Consider the engineering problem of robot spatial proprioception. For a robot to operate effectively, moving itself in space and manipulating other things in space, we might reasonably consider that the robot ought to have effective spatial representation and monitoring systems. If it can't tell what its engineered body parts are doing, how will it be able to pick up the cup, or avoid hitting itself on the door, or keep from falling down? We have electronic sensor components for light, heat, magnetism, gravity, momentum changes, etc., and a good programmer with all those devices hooked up to serial ports can digitize their readings and write them onto a dashboard. Sure. But let's propose a different design. Suppose it has a bunch of channels in it, whether of air, water, or charge, but let's assert that any signal initiated in any part of the network of channels, propagates at a finite, measureable, and usefully interpretable speed throughout the network.
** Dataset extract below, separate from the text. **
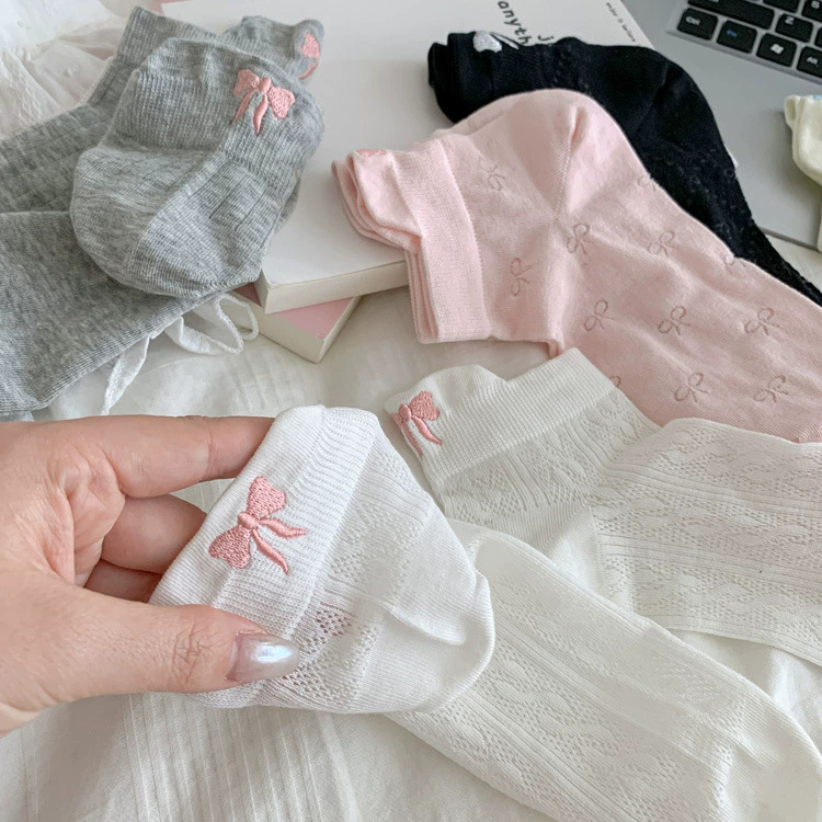 2024 양말 여성의 봄과 여름 새로운 일본 단색 보트 양말 Heel Bow 수 놓은 보이지 않는 면화 양말 Ins 트렌디

Thus a pop that starts in the middle of a leg will produce a pop at the inner end, as well as an echo of what bounced off the far end. From the echoes, one might infer the locations of the activities that initiated them, as well as potentially the shape or architecture of the whole network of channels.

An echo chain is a spatial representation.

So maybe it would be a good robot proprioception design to have echoing transmission channels and a mapping of overlapping echo chains to spatial representations of what is going on where, inside the robot's system.

Benefits: It scales with the body. Adding channels is easy. Unnecessary and redundant are a separate encoding of space and separate class of sensors for spatial distance within the body along with their separate signals and a separate decoding and integration algorithms and hardware to implement those algorithms. Just let the signals add, and the resulting signal carries all the echoes of all the distant parts of the system. Signal sum equals information integration.

To summarize, SOMETHING must be responsible for the Home Depot flash within your humble witness' experiential being; if not a low-level neural representation of space effective across all neuron-containing animals, then what? I offer a direction, that an imaginable answer might be a (transduced to neuro-electrical signalling) sonic or perhaps echoic representation of space within the neural channels, maybe you can think of others. It's a matter of research, at this point. But my conclusion is that my sense of space is very unlikely to be qualitatively different from that of the worm, whose neurons may also echo and represent distances and activities and whose inner integrating systems may put them together in the same way mine do.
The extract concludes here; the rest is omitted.